Implications and Future Directions
IGDS sets a formal, reproducible precedent for leveraging mechanistic interpretability as an actionable tool for data-centric optimization. By proving that causally-validated internal features can serve as highly informative utility functions for data selection, IGDS motivates renewed research in (1) scaling the granularity and reliability of SAEs, (2) extending the method to more complex multi-task and multi-lingual settings, and (3) integrating feature-based signals into alternative optimization schemes (e.g., RLHF, preference modeling).
Given the dependency on SAE quality and coverage, especially for newer model families, community efforts in public SAE pretraining and expansion will serve as a practical bottleneck. Further, as models integrate broader modalities and grow in complexity, feature grounding and abstraction hierarchies will become critical for robust causality-driven data selection.
Conclusion
Interpretability-Guided Data Selection establishes that model-intrinsic causal features are a uniquely potent axis for efficient and effective data curation in LLM supervised fine-tuning.
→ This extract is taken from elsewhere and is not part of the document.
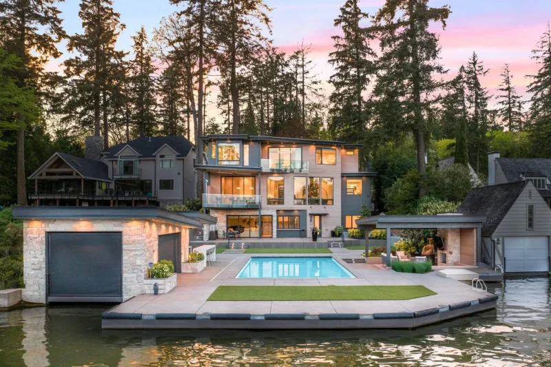 Waterfront estates in Lake Oswego command premium prices, with some luxury properties listed at $12 million or more. These homes typically feature multiple levels leading down to the water and expansive outdoor spaces.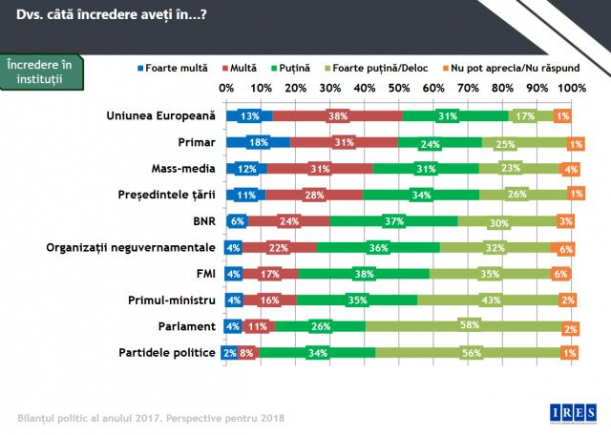 Cel mai putin de incredere au fost evaluate partidele politice, cu o cota de 10 procente.

The framework achieves significant performance gains with data pruning, delivers strong robustness across models and tasks, and demonstrates that mechanistic interpretability can transition from post hoc analysis to systematic, large-scale model improvement (2604.25167). This paradigm offers a new path for research integrating model internals and optimization strategy, with clear ramifications for data-centric AI and transparent LLM improvement.